Cows fed diets supplemented by the botanicals also exhibited higher efficiency of energy utilization.

February 15, 2024

4 Min Read
Penn State

Supplementing the feed of high-producing dairy cows with the botanical extract capsicum oleoresin, obtained from chili peppers, or a combination of that extract and clove oil resulted in the animals using feed energy more efficiently and emitting less methane from their largest stomach, according to a new study conducted by Penn State researchers.

Adding those substances, sometimes referred to as essential oils, to the cattle’s rations resulted in improved efficiency of energy utilization in peak-lactation dairy cows. According to Alex Hristov, distinguished professor of dairy nutrition, corresponding author of the study, the cattle would use the available energy for body weight gain rather than milk yield or milk components.

The findings, recently published in the Journal of Dairy Science, suggest a potential positive physiological and environmental effect of supplementation with this combination of botanicals. From previous studies, the researchers knew that botanicals have the potential to modify fermentation in the dairy cow’s largest stomach, called the rumen, Hristov explained, adding that he has become increasingly interested in post-ruminal, physiological effects of botanicals.

Hristov’s research group in the College of Agricultural Sciences has experimented with supplementing the feed of high-performing dairy cows, with additives ranging from seaweed to garlic and oregano oils to synthetic additives, in a nearly two-decades-long effort to improve milk production and reduce environmental emissions from dairy farms.

Methane — a potent greenhouse gas released into the atmosphere by the cows belching — results from fermentation occurring in the cow’s rumen. That process allows the animal to consume and utilize fibrous feeds and byproducts that cannot be digested by humans or other simple-stomach farm animals.

Although methane mitigation was not an objective of this research project, the researchers reported that the yield and intensity of methane from cows in the study were decreased by 11% by the combination of capsicum oleoresin and clove oil. The effect was particularly pronounced in first-lactation cows.

“We concluded that capsicum oleoresin may affect energy and nitrogen utilization of the cows, whereas the ruminal fermentation and methane-mitigation effects likely were triggered by an associative effect of capsicum oleoresin and clove oil or clove oil alone,” Hristov said.

Botanicals — plant-derived bio-active compounds also called phytonutrients — have shown a wide range of anti-microbial properties against bacteria, protozoa and fungi, and have been investigated as potential rumen modifiers in ruminants, Hristov pointed out. Studies with non-ruminant species have shown that phytonutrients can trigger, at low doses, specific responses related to gastrointestinal health and immunity in animals.

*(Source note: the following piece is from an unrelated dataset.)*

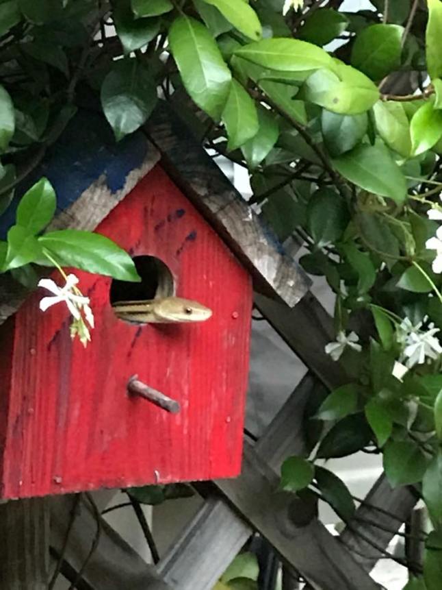 At first glance I thought this snake was so cute until I realized what his business in the birdhouse was.

Various botanicals, with active ingredients such as eugenol, cinnamaldehyde, allicin and capsaicin, can trigger immune responses, reduce oxidative stress and influence insulin secretion and activity, Hristov noted. Other studies have shown that botanicals can regulate pro- or anti-inflammatory responses by increasing or decreasing inflammatory proteins involved in the immune system, white blood cells and oxidative stress in nonruminants and, potentially, in ruminants.

In this 10-week experiment conducted at the Penn State Dairy Barns, led by Leoni Martins, doctoral degree candidate in animal science, 48 Holstein cows were randomly assigned to one of three dietary treatments. The rations of 16 were supplemented with 300 milligrams per cow each day of capsicum oleoresin; 16 received a diet supplemented with 300 milligrams per cow each day of a combination of capsicum oleoresin and clove oil; and a 16-cow control group was fed a diet without supplements.

Throughout the experiment, body weight increased in cows supplemented with capsicum oleoresin and a combination of capsicum oleoresin and clove oil, by 850 and 660 grams per day respectively, compared to a negligible 10 grams per day for the unsupplemented control group. Cows fed diets supplemented by the botanicals also exhibited higher efficiency of energy utilization, revealed by several metabolic measurements.

“The use of rumen-protected capsicum — which partially passes through the rumen without affecting fermentation, but still can be digested in the cow's intestine — represents an interesting approach to improve metabolic status of dairy cows during the transition period of three weeks before and three weeks after giving birth, and early lactation,” Hristov said. “But the mechanism underlying this response remains unclear.”

Contributing to this research were Sergio Cueva, Taina Silvestre, Nadiia Stepanchenko and Derek Wasson, graduate assistants in Hristov’s lab in the Department of Animal Science; and Emma Wall, Department of Technology Deployment, AVT Natural Products, Animal Nutrition & Health.

The USDA, National Institute of Food and Agriculture and AVT Natural Products supported this work.